Садовник судеб - Григорий МАРГОВСКИЙ
Шрифт:
Интервал:
Закладка:
Барахло его намедни я перевозил на съемную квартиру. В день переезда он держался накоротке, жена угощала солдат сардельками с гречкой. Теперь же – ничего такого. На мой смущенный лепет о любовном фиаско он меченосцем проскрежетал:
– Пока идите спать. Завтра разберемся!
И сквозь зубы резюмировал:
– Ты, щенок, еще службы не нюхал!
Утром, вызванный на ковер, я готовился к разносу, но случившееся превзошло все ожидания.
– Так на какую разведку вы работаете? На израильскую? Американскую? – взял быка за рога многомудрый Гавриленко.
– Товарищ полковник, в том, что касается моей Родины – Союза Советских Социалистических Республик, я был и остаюсь честным человеком! – не растерялся допрашиваемый.
– Наглец! – завизжал зампотех, взбешенный тем, что голыми руками меня не взять. – Воспользоваться аппаратом начальства в частных целях – раньше за такое к стенке ставили!
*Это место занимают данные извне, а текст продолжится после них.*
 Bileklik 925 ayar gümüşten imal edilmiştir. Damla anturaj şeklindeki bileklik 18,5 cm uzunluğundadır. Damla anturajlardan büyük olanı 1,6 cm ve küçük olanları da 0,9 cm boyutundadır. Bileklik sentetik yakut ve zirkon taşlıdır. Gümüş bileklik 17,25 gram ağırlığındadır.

Погоди: мы сгноим тебя на губе, а что останется – отправим в дисбат!
В глазах моих потемнело: finita la comedia…
Но то была лишь интродукция. Невольно всплыл опыт диспансера – где я валялся, отсеянный с третьего курса. Тамошний главврач, дряблая ведьма, чье сотрудничество с гестапо КГБ загримировал под партизанщину – втянув ее за это в свои беззакония, накладывала вето на легкие диагнозы евреям. Но мне, от армии не косившему, белый билет был ни к чему: вот я и корчил из последних сил психостеника, подражая симптомам всамделишных больных…
– Язык проглотил? К тебе обращаюсь! – таращился аспид, но я оставался нем.
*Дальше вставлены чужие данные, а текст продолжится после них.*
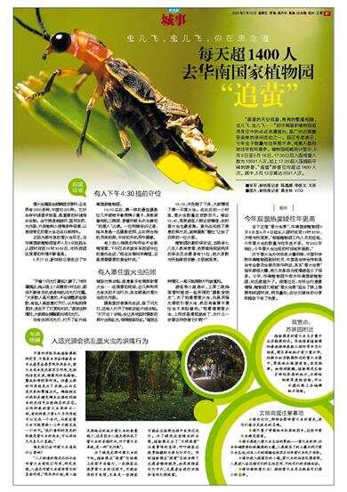 虫儿飞,虫儿飞,你在思念谁 “黑黑的天空低垂,亮亮的繁星相随,虫儿飞、虫儿飞……”到华南国家植物园追寻夜空中的点点浪漫萤光,是广州近期最受追捧的夜间活动之一。园区专家表示,今年虫子数量与往
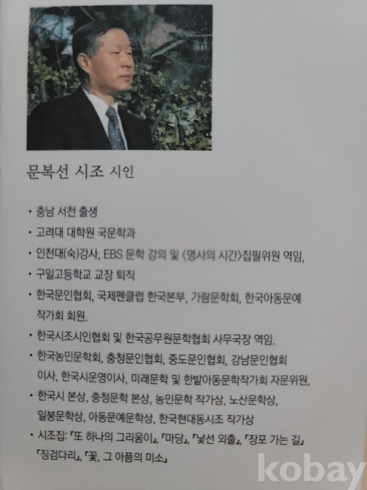 문복선(충청남도 서천: 1938~2022) 저자서명 시조집.

Хранил безмолвие и в тряском «козлике», предоставленном (а что как в натуре свихнулся?!) не на шутку сдрейфившим зампотехом. И в приемном покое «Новинок» – заведения куда более серьезного, чем неврологический «дома отдыха» на Бехтерева…
Военврач Терентьев выглядел устало. Попросил на бумаге изложить квинтэссенцию. Я поведал ему о Стриже, мертвой петлей баламутившем тополиную заметь Тверского…
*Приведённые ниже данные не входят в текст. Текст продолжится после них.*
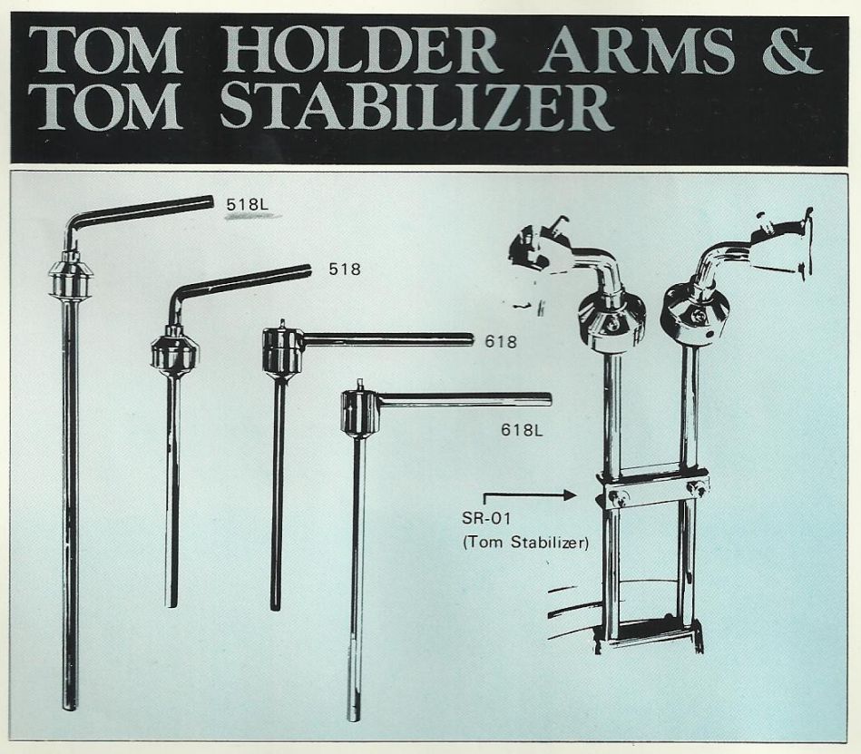 Each uses a different style tom holder. But you can see that even in the early 80's, Pearl still had quite a few of the old style hex arms and made use of them!

– Вот вы пишете, что летали по бульвару. Это как же следует понимать – метафорически?
«Ну, да – метафорически…» – уныло накарябал я.
– Уф, молодой человек! – выпустил пары военврач. – Ваше счастье, что за эти сутки я покемарил часа два.
Командира роты Крупко, караулившего за дверью, призвали в свидетели парадного исцеления. До его появления был расписан сценарий:
– Я жму на особые точки – вы издаете нечленораздельные звуки.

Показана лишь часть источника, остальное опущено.